Великий поэт уважает Логос и считает его своим кормильцем, в то время как философ критикует Логос, считая его источником зла. Их диалог в реальности и виртуальности, который проходил в течение кризисного года для России и Европы, становится основой для книги, отражающей дух времени - "Цейтнот".

Добавленная информация: в мире, где культурные различия становятся все более заметными, важно найти общие точки соприкосновения, чтобы понять и принять друг друга. В свете событий последних лет диалог между двумя разными менталитетами может быть особенно актуален и ценен.

Читать бесплатно онлайн Цейтнот. Диалог поэта и философа - Леон Цвасман, Глеб Юрьевич Шульпяков

© Издание. Оформление. ООО Группа Компаний «РИПОЛ классик», 2016

© Шульпяков Г., текст, 2016

© Красновский Я., художественное оформление серии, 2016

* * *

Избранные цитаты

«Размышляя об этом образе, мы можем определить не только немецкую романтику как ностальгию по шаманской душе, но также и прусскую технократию как воплощение воли без души. Мы увидим в этом образе инквизицию в ее паническом страхе пустоты. Ощутим эйфорию реформации и эстетику социализма. Осознать катастрофу нацизма мы не сможем, но заметим, что после нее в немецкой культуре исчезло живое слово. Мы смутимся от циничной истерии феминизма. Оценим изящную магию гомеопатии (а по ходу – и умиротворение антропософии). И даже студенческую революцию 70-х, даже Евросоюз».


«Новозаветный Иосиф – ответственный отец, и это уже воплощенный образ, продукт социальной инженерии. Большинство немецких отцов много времени проводят с детьми, они поучают их похожими фразами и одинаковым манерам и даже одевают в любимую одежду от Джека Вольфскина. С прагматической точки зрения это изумительно. Но меня коробит эстетически, когда в такой степени клонируются люди по их социальной роли».


«Маргинальная культура Германии воистину прекрасна. Все эти “непророки” в своем отечестве – антропософы, анархисты. Просто не желающие быть признанными талантливые люди. Вечные студенты, бывшие профессора, дворянские дети, вундеркинды и гениальные иностранцы смешанного до запутанности происхождения. Поэты, музыканты, режиссеры, киношники. Иноземцы в своем отечестве».

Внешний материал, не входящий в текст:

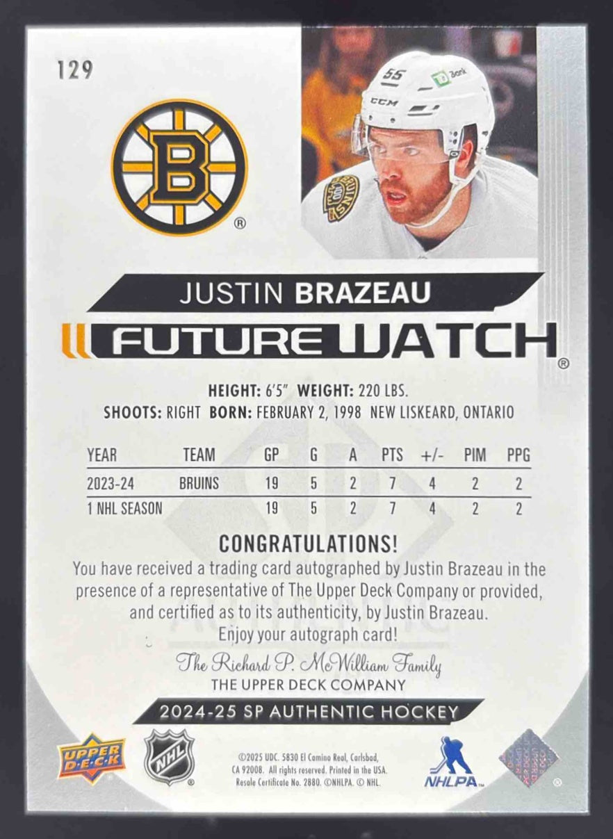 2024-25 Upper Deck SP Authentic #129 Justin Brazeau RC Future Watch Auto /999
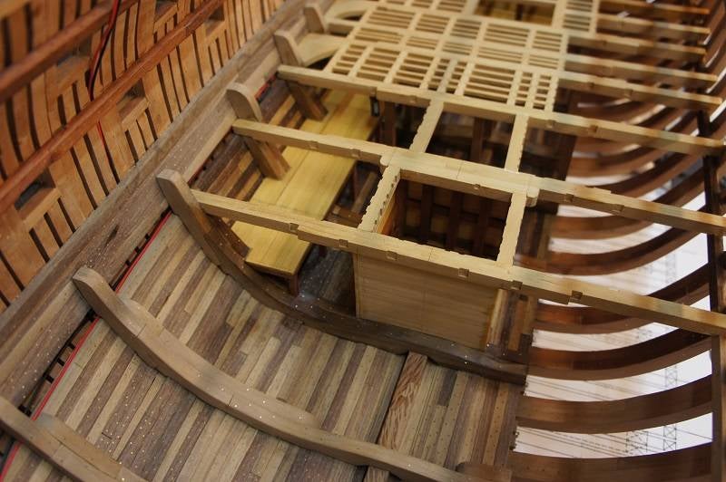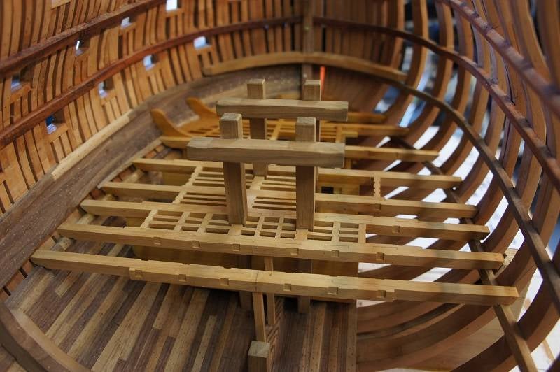 Het platform aan de zijkant van het hoofdruim is geplaatst en de dekconstructie boven het voorste platform is gereed. Tussen de laatste 2 dekbalken zat nog een ingewikkeld werkje. Daar lopen de 'lodging knees' over elkaar heen, waardoor de voorste met een ronding naar beneden loopt. De drainagegoten zijn tot aan de hoofdmast afgedekt met planken. Ik heb er één bewust naast de goot geplaatst, zodat men kan zien hoe e.e.a. in elkaar zit.
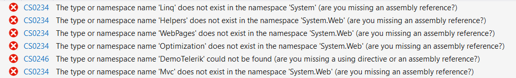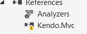 Unfortunately, I am not able to build it. I receive a list with errors and even though I added the Kendo UI dll is still has a working icon:

«В Германии, где сращение города и деревни в пользу деревни считают великим достижением, мало кто знает, что большинство россиян, живущих среди океана природы, скучились в экологически мертвых городах. Это для европейца то же, что сидеть на мешке с апельсинами и питаться супом из окурков».

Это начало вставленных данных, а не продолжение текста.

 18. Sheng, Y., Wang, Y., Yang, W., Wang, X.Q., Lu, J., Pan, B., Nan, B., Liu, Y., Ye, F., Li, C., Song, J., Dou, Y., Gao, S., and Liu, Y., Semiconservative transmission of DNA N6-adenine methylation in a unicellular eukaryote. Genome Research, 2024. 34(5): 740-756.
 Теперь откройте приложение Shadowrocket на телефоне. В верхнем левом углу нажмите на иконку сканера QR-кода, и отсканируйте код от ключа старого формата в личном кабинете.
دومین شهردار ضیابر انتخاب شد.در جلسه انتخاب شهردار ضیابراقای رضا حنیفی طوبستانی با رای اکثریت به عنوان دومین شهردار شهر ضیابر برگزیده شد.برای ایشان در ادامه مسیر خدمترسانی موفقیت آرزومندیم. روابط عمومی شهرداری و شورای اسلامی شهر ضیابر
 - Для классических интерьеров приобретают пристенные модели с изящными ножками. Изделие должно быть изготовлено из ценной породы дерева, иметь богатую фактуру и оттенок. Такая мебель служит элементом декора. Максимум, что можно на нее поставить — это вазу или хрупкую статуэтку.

«Правда, через музыку, литературу и вообще благодаря шаманской памяти у немцев сформировалась ностальгия по этому типу еды, т. е. способность принять его. Она выразилась в современном культе “биопродуктов”. Ему же косвенно способствовал и еврейский пуризм, то есть принцип очищения и разделения пищи. Современные немецкие приверженцы биопитания пытаются восстановить первичное многообразие всего, что растет на этой земле, т. е. разнообразие географическое, ибо что растет на Рейне, не растет на Мозеле, не говоря о далеких землях».

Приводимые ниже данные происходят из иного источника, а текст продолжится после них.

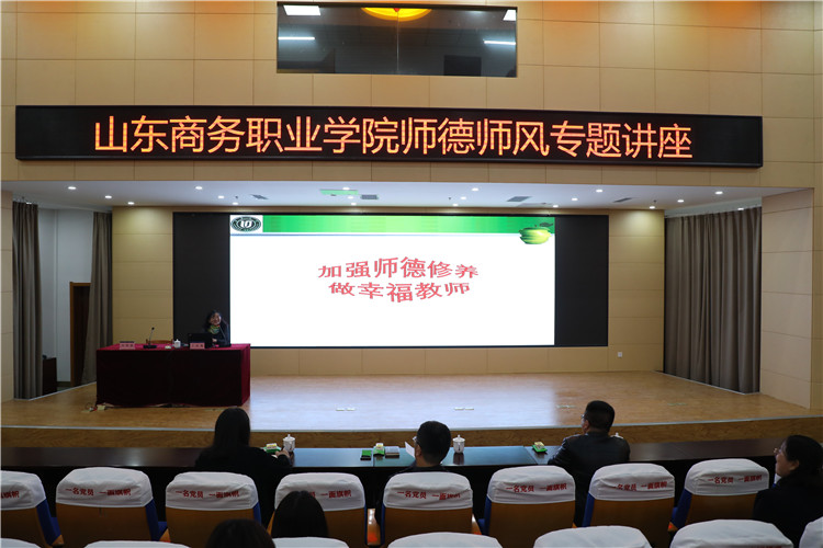 本站讯 为进一步落实学校师德师风建设长效机制,切实加强教师职业道德建设和教师队伍管理,深入推进我校师德师风建设,3月25日下午,学校邀请了鲁东大学卜庆梅教授作《加强师德修养,做幸福教师》专题讲座。学校党委书记耿建敏、党委副书记刘艳蔚、纪委书记张越出席,各教学院部行政负责人、专业带头人、骨干教师和新进教师参加。讲座由党委副书记刘艳蔚主持。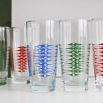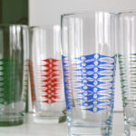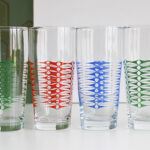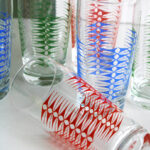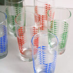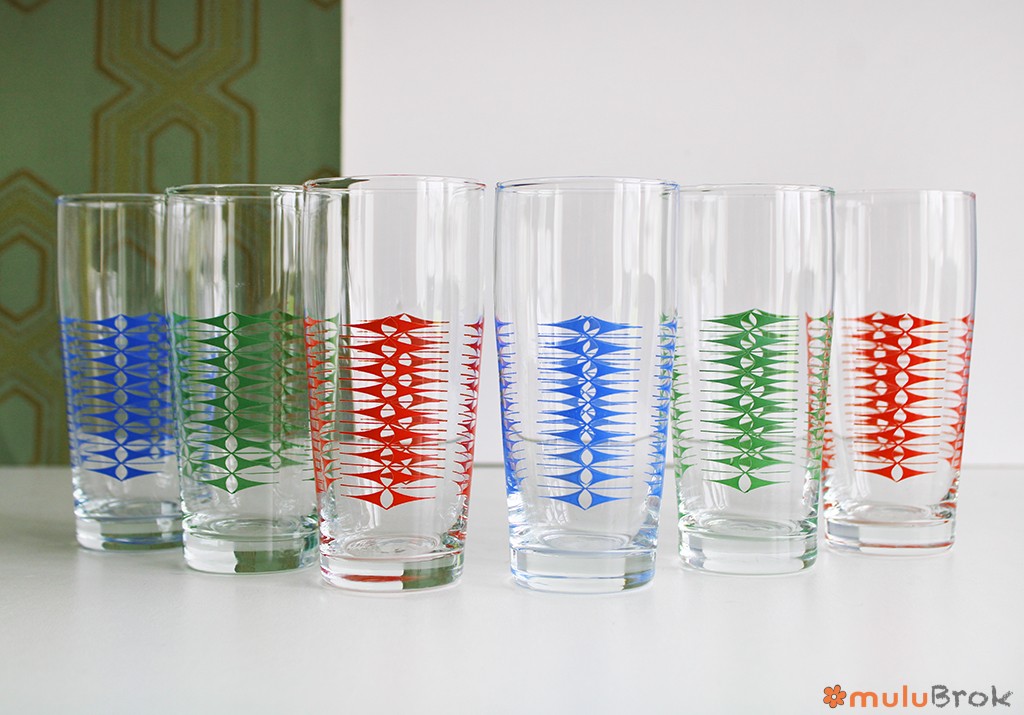 Verre décoré : motif géométrique vert, bleu ou rouge.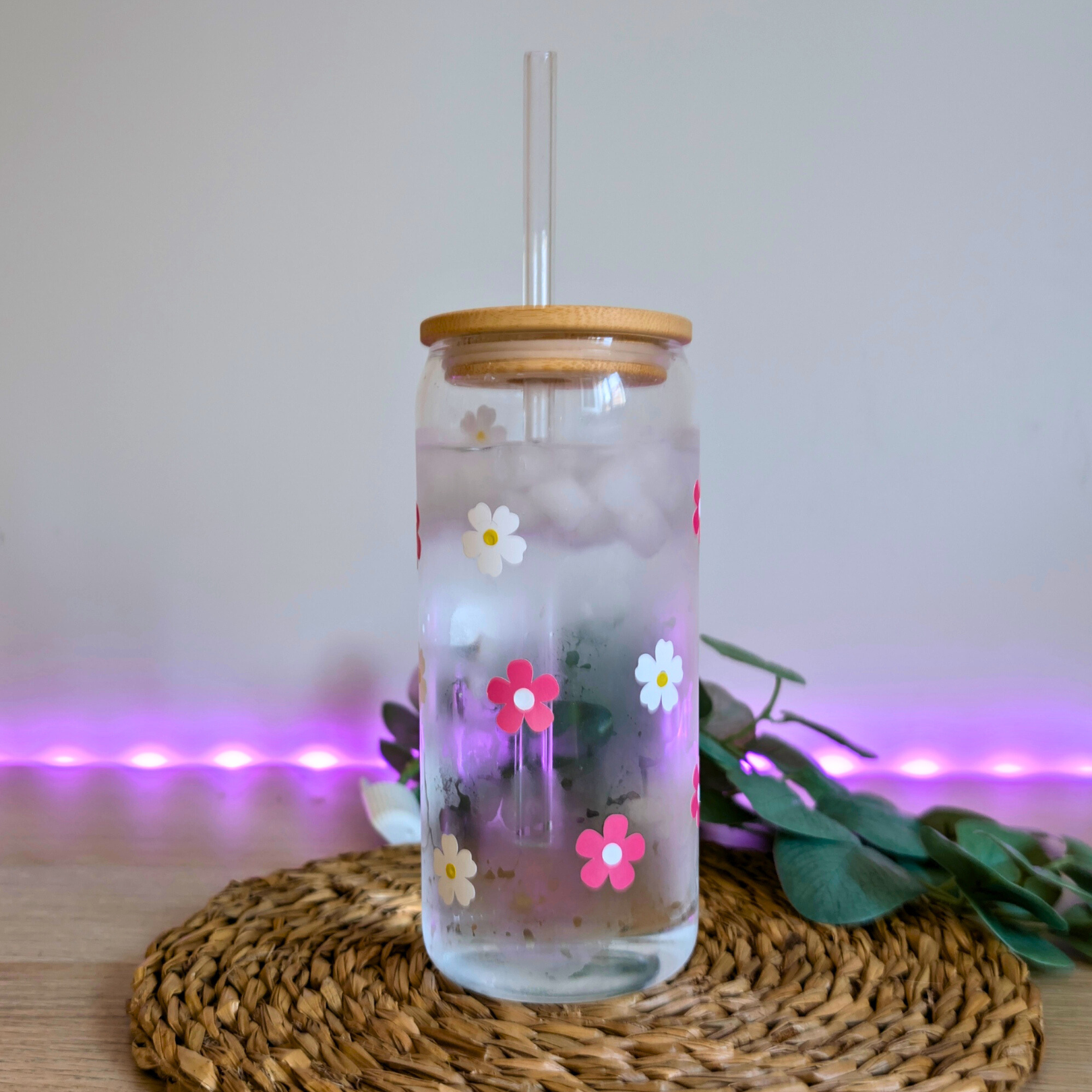Vaso de cristal de 500 ml con tapa de bambú y pajita de cristal.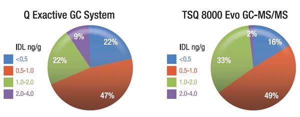 Q Exactive GC 系統(tǒng)農(nóng)殘檢測的所有 IDL 均低于歐盟針對嬰兒食品規(guī)定的典型 MRL。目前絕大部分農(nóng)藥的 MRL 都定為<0.01 mg/kg(10 ng/g)3 。我們還與 Thermo ScientificTM TSQTM 8000 Evo 三重四極桿 GC-MS/MS 系統(tǒng)檢測相同農(nóng)藥的IDL 進行了比較。本次實驗的結(jié)果表明 Q Exactive GC 系統(tǒng)與 TSQ 8000 Evo GC-MS/MS 系統(tǒng)的靈敏度相當,91% 的被測農(nóng)藥 IDL < 2 ng/g (圖 6)。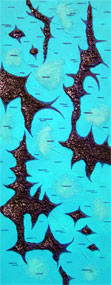 Birkenesque, türkis 2010, Acryl auf Leinwand, Relief, 80 x 40 cm

«Я видел, как тебя удивило, что официант в кафе отказался положить в стакан с водой вторую дольку лимона – как ты попросил его. А это не только плохой немецкий сервис. Это принцип. Человек не может желать того, что нельзя стандартизировать. Это желание асоциально».


«Творческий стимул – это вовсе не раздутое эго. Это тот минимум личной ориентации в мире, который требуется человеку для самоопределения. Но свойство творческой энергии таково, что ее невозможно направить в специальное, полезное, например, русло. Поскольку любое творчество предполагает в первую очередь верность себе, а уж потом чему-то другому».


«В Германии у каждого поколения есть свои имена. Сейчас, например, популярно имя Леон, в нем закодирована некая открытость на романский юго-запад с его культом хорошей еды и мягким климатом. Девушку лет двадцати нередко зовут Сара или Надя – это взгляд на восток Европы под влиянием “ветра перемен” начала 90-х. Мужчин под пятьдесят называют Дитер или Вальтер, а женщин – Эльке или Уши (свойское от Ульрика), это отголоски демократичного севера с его эмансипацией, эгалитаризмом и социальностью. В первом послевоенном поколении (тех, кто должен был разгребать разруху) мальчиков часто называли Карл-Хайнц или – в регионах южнее Кельна – Йозеф, имя, распространенное именно в католических семьях».